Two Books About Selling Math and Its Consequences for Inequality

02/20/17

EconomismOver at Consumer Law & Policy Blog, Jeff Sovern recently discussed James Kwak's new book, Economism: Bad Economics and the Rise of Inequality, which mounts a convincing case against the blind application of Economics 101 to important policy questions, such as healthcare, international trade, the minimum wage, mortgages and other financial products, and taxes. Kwak details the consequences of "economism," which he defines as "the belief that a few isolated Economics 101 lessons accurately describe the real world." Kwak analogizes using economics in this way to justify widening socioeconomic inequality to prior century's reliance on religion and applications of Darwinian evolution to justify the social order of those times. Part of the lure of economism, and how it can be used as an effective justification, is that it seemingly is grounded in math. And math appears to many as absolute, complicated, and scary. 

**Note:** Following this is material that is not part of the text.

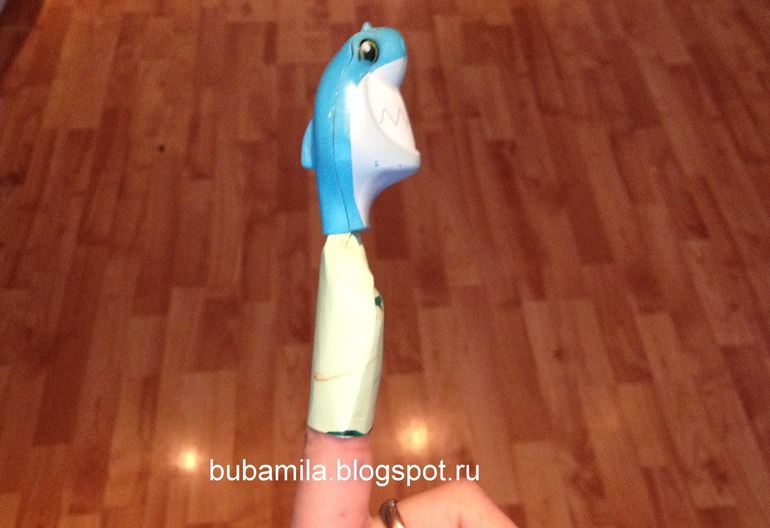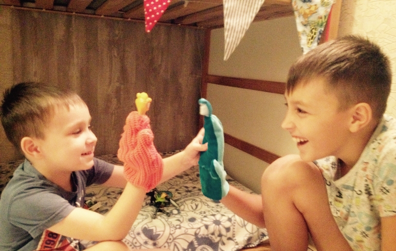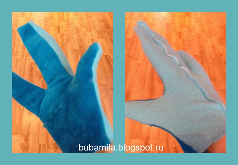 Поэтому решила сделать из них перчаточные куклы для нашего домашнего театра. Принцип такой игрушки довольно простой: средние пальцы управляют головой, крайние - руками.

Weapons of Math DestructionWhich made me think of another relatively new book, Cathy O'Neil's Weapons of Math Destruction: How Big Data Increases Inequality and Threatens Democracy. O'Neil chronicles the repercussions of relying on algorithms fed by big data to assess everything from grade school teachers' effectiveness to credit worthiness to which households politicians should target during election campaigns. When not used properly, these "weapons of math destruction" can entrench and perpetuate inequality.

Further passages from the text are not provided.